- Supreme Court of Canada

Hearing: February 17, 1982 Judgment: February 8, 1983
- Full case name: Her Majesty The Queen in the Right of Canada v Saskatchewan Wheat Pool
- Citations: [1983] 1 S.C.R. 205
- Ruling: The Board's appeal was dismissed.

Court membership
- Chief Justice: Bora Laskin Puisne Justices: Roland Ritchie, Brian Dickson, Jean Beetz, Willard Estey, William McIntyre, Julien Chouinard, Antonio Lamer, Bertha Wilson

Reasons given
- Unanimous reasons by: Dickson J.
- Laskin C.J. and Wilson J. took no part in the consideration or decision of the case.

= R v Saskatchewan Wheat Pool =

R v Saskatchewan Wheat Pool, [1983] 1 S.C.R. 205 is a leading case of the Supreme Court of Canada on tort law. The Court rejected the tort of breach of statutory duty.
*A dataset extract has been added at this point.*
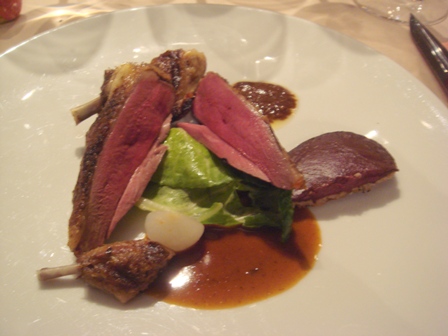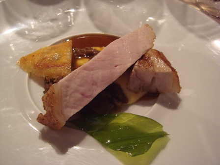 Carré de veau de lait, fondue de parmesan, tomme d’Auvergne gratinée, morilles cuisinées, jus de viande

The courts should only use breaches of a statute as evidence towards an established tort and should not be trying to determine whether the legislature intended to allow a private right of action.

==Background==
The Saskatchewan Wheat Pool delivered a shipment of infested wheat from one of its terminal elevators to the Canadian Wheat Board, which violated section 86(c) of the Canada Grain Act. The Board sought to recover damages for the statutory violation.

At trial, the Federal Court of Canada held in favour of the Board but was reversed on appeal to the Federal Court of Appeal.

The issue before the Supreme Court was whether the breach of the Act gave the Board a private right of action.

==Decision of the Court==
Justice Dickson, for a unanimous Court, dismissed the appeal of the Board and held that there was no private right of action. Dickson examined the tort of breach of statutory duty in both England and the United States. He concluded that damages for breach of statutory duty should be subsumed by the law of negligence. He further rejected any novel right of action for damages for breach of statute and instead stated that the breach can be used as evidence of negligence and as evidence of a standard of care.